Nieprzejezdna ul. Sieroca. Na jezdnię runął mur przy szpitalu

W piątek wieczorem na ul. Sierocej w Lublinie doszło do groźnego zdarzenia. Na jezdnię runęła część muru należąca do zbudowań Szpitala Wojewódzkiego im. Jana Bożego przy ul. Biernackiego.

Do zdarzenia doszło w piątek wieczorem na ul. Sierocej w Lublinie. Prawdopodobnie pod naporem silnych podmuchów wiatru runęła część muru przynależna do budynku Szpitala Wojewódzkiego im.
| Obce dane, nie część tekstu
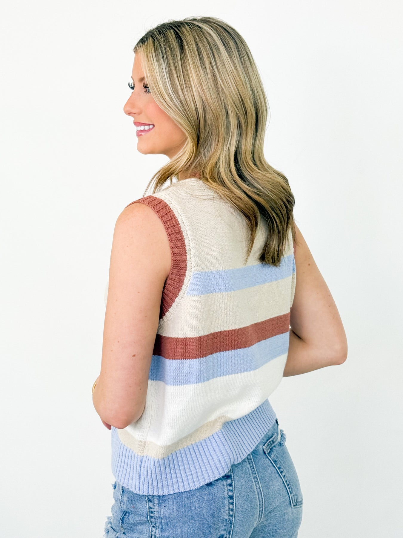 Add a playful twist to your wardrobe with the Erika Striped Button Up Sweater Vest. Featuring multicolored stripes in tan, terracotta, and powder blue, this vest is a fun and stylish addition to any outfit. With its button up design, it's easy to layer and add a unique touch to your look.

Jana Bożego przy ul. Biernackiego. Na miejscu interweniowała policja. Ulica Sieroca jest całkowicie nieprzejezdna, na jezdni leży kilka ton gruzu.

Na miejscu policjanci czekają na zarządcę nieruchomości. Niewykluczone, że konieczna będzie rozbiórka pozostałej części muru, ze względu na jego pęknięcia. W zdarzeniu na szczęście nikt nie ucierpiał. Utrudnienia z przejazdem mogą potrwać do soboty.

2017-02-24 21:06:22
(fot. lublin112.pl)

8 komentarzy

  1. przechodziłęm kilka dni temu tam, a bywam tam dość często, tak spojrzałem na ten mur i pomyślałem, że on to już chyba długo nie postoi… i masz 😛 dobrze, że nie spadł na nikogo…

    • Przechodziłem tam i pomyślałem że pomyślisz że ten mur długo nie postoi a tu masz jedna myślisz 🙂

  2. foto wasze a info o tym skad> he he

  3. Wczoraj tj. 24 lutego było niebezpiecznie także na deptaku. Około godz 19:30 na wysokości kościoła p.w. Św Piotra i Pawła oraz pomnika Unii Lubelskiej wiatr przewrócił ogrodzenie oraz namiot wykonwcy robót budowlanych na placu Litewskim. Przechodnie nie mając innej drogi pokonywali przewrócone przęsła płotu podłączone do napięcia wraz z oświetleniem (być może z niskim ) o raz szukali otworu do wyjścia w zniszczonym namiocie co chwilę porywanym przez solne podmuchy wiatru. Prawdopodobnie zgłoszenie wyszło od zakonników ww kościoła, którzy w pewnym momencie przygladali się całemu zajściu, a zniszczony namiot był pod ich murami. Służby spały.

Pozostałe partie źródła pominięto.